(Recorded data)
☆ ☆ ☆ ☆

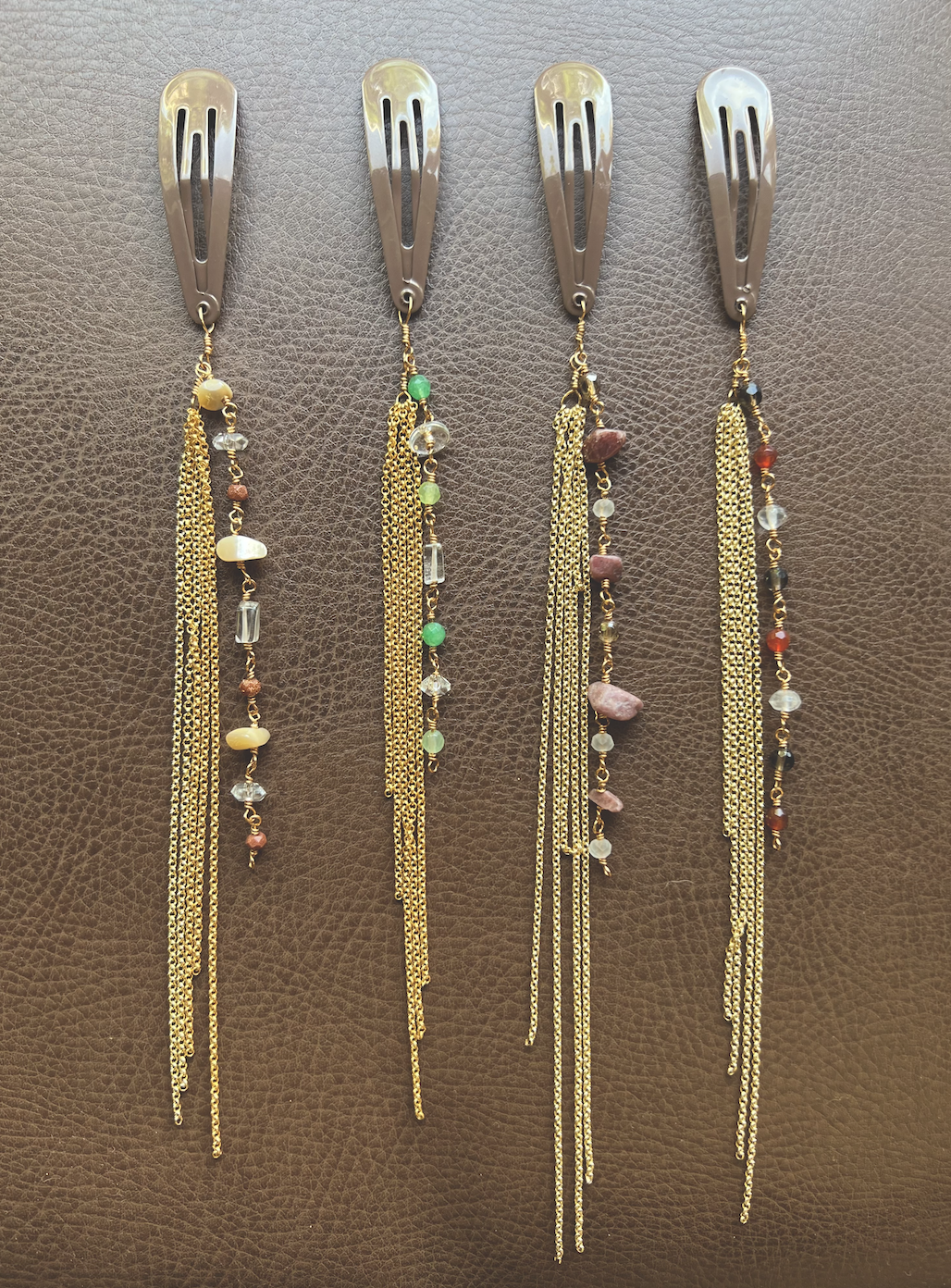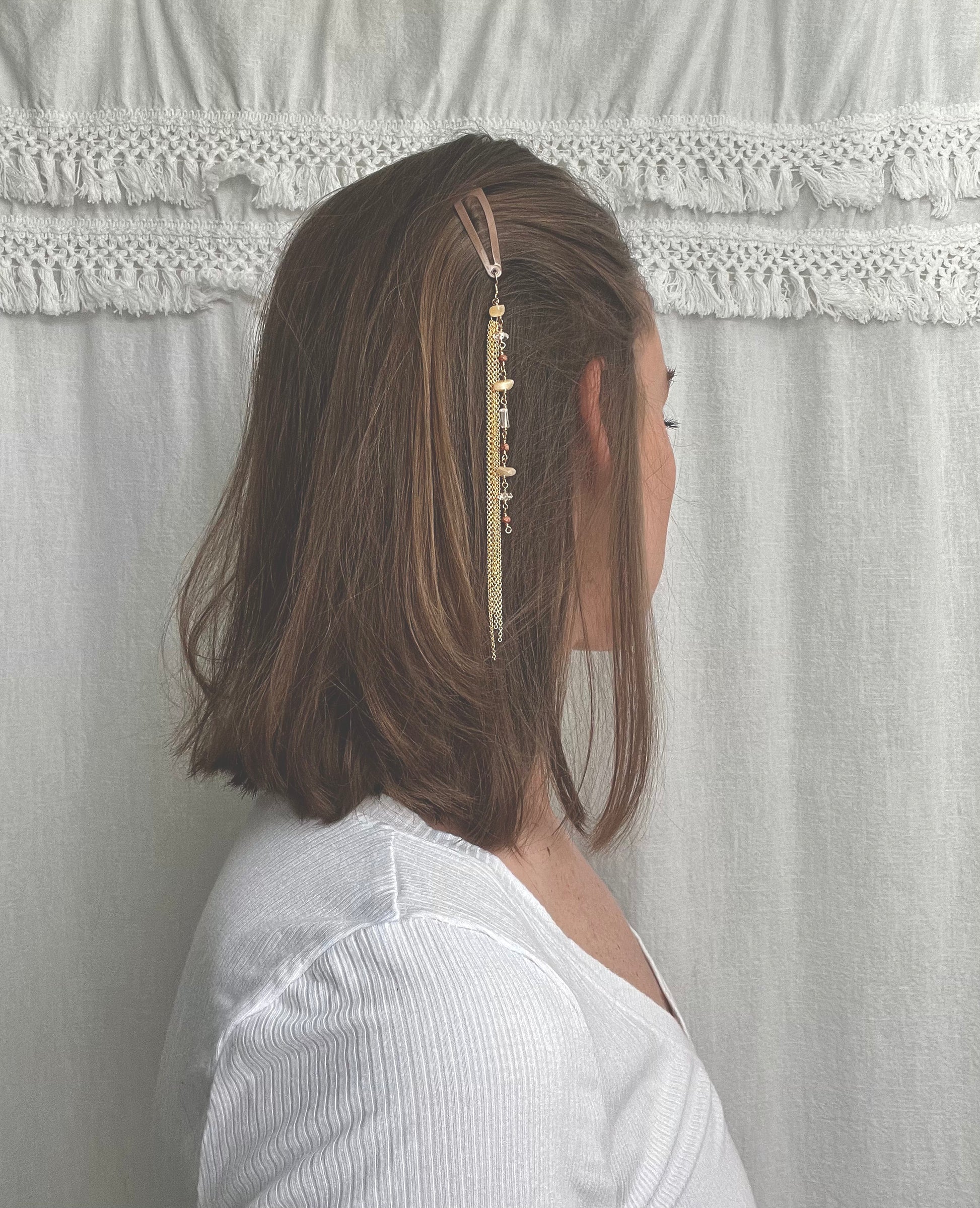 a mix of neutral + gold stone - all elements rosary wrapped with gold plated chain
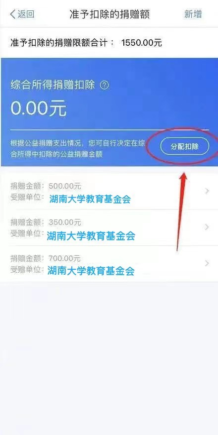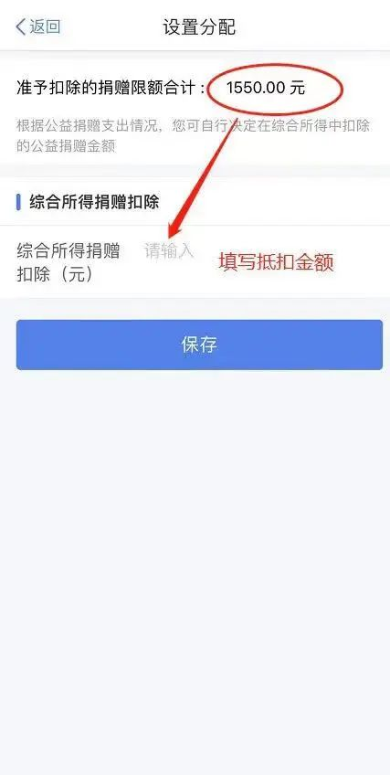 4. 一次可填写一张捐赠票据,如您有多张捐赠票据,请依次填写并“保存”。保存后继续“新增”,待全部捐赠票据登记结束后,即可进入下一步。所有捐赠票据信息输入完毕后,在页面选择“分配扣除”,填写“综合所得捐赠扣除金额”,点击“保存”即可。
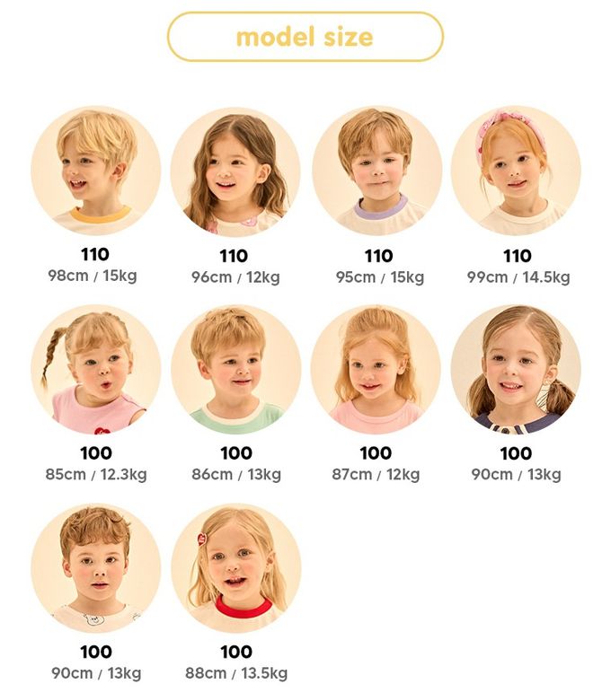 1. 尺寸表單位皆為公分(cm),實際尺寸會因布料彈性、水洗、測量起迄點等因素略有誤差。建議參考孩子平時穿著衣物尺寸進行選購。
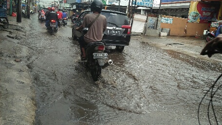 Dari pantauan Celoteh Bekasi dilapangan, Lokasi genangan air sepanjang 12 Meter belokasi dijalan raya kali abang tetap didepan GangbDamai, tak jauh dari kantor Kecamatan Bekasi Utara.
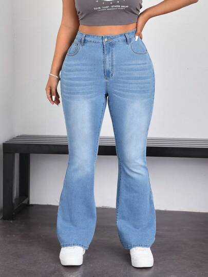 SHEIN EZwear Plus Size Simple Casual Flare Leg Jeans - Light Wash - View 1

☆ ☆ ☆ ☆

▶ _WORK INSTRUCTION_
Reproduce the lines of the data that run from the one containing "1. 尺寸表單位皆為公分(c" to the final line, both included, exactly as they appear and without the pictures.

▶ _WRITTEN ANSWER_
 1. 尺寸表單位皆為公分(cm),實際尺寸會因布料彈性、水洗、測量起迄點等因素略有誤差。建議參考孩子平時穿著衣物尺寸進行選購。
 Dari pantauan Celoteh Bekasi dilapangan, Lokasi genangan air sepanjang 12 Meter belokasi dijalan raya kali abang tetap didepan GangbDamai, tak jauh dari kantor Kecamatan Bekasi Utara.
 SHEIN EZwear Plus Size Simple Casual Flare Leg Jeans - Light Wash - View 1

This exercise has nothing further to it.